In the subgroup of males, as displayed in Table 3, we see that the hazard ratio (HR) for developing ADRD or death was not different in the Appendectomy group than controls: HR = 1.002 (95% CI (0.979, 1.025)), P = 0.89, (32.73% in the Appendectomy group versus 32.53% in controls, at 7.5 years). The HR for death was 1.011 (0.987, 1.035), P = 0.3776, (27.89% versus 27.48% at 7.5 years). The HR for developing ADRD alone was 0.948 (0.905, 0.994), P= 0.027, (7.14% versus 7.73% at 7.5 years). However, for females, there were slightly lower rates of ADRD outcomes in the Appendectomy group. The HR for ADRD or death was 0.907 (95% CI (0.884, 0.931)), P < 0.0001, (23.51% versus 25.58% at 7.5 years). The HR for death was 0.919 (0.893, 0.946), P < 0.0001, (17.32% versus 18.65% at 7.5 years). The HR for developing ADRD alone was 0.847 (0.811, 0.884), P < 0.0001, (8.16% versus 9.48% at 7.5 years). Expanded analyses for these subgroups and all other subgroups analyzed are displayed in Supplemental Digital Content 1, eTable 4.1a to eTable 4.6b) In none of our subgroup analyses did we find any significant evidence of higher ADRD rates in the appendectomy group.

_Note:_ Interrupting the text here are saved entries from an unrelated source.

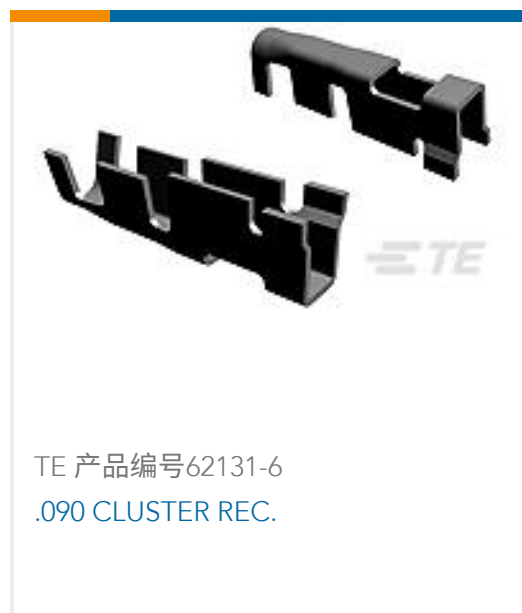
TE 产品编号62131-6 .090 CLUSTER REC.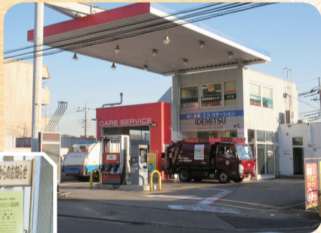
多摩興運(株) 多摩エコ・ステーション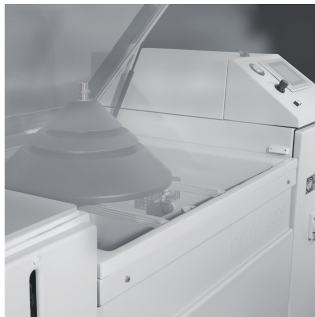
Test de niebla salina | FLORIDATEST

La alta calidad de estos tratamientos está confirmada por los exitosos resultados del test de niebla salina (los productos sobrepasan ampliamente las 2.500 horas) y las estrictas pruebas internacionales entre las que se encuentra el TEST FLORIDA.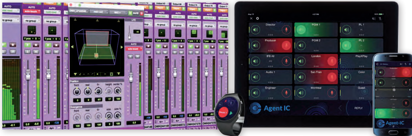
Интерфейс Pro Tools – работа в формате Dolby Atmos

◆ LQ-4WG2 – два 4-проводных интерфейса + GPIO, портативное устройство;

Figure 1 displays three Kaplan-Meier plots of death or ADRD. Figure 1a includes all patients in the study. Figure 1b includes only males. Figure 1c includes only females. For the treated and control groups, Figures 2a, 2b and 2c compare: (i) the cumulative hazard of death-or-ADRD (top curves), (ii) death-before-ADRD (middle curves), and (iii) ADRD (bottom curves). As seen in Figures 1 and 2, the treated and control curves are close in all cases, with slightly better results for the appendectomy group. Furthermore, whatever differences we observe between appendectomy treated and control patients is mostly in females, as male curves are almost overlapping.

Figure 1:

Figure 1:

Kaplan-Meier plots of survival without ADRD post appendectomy event.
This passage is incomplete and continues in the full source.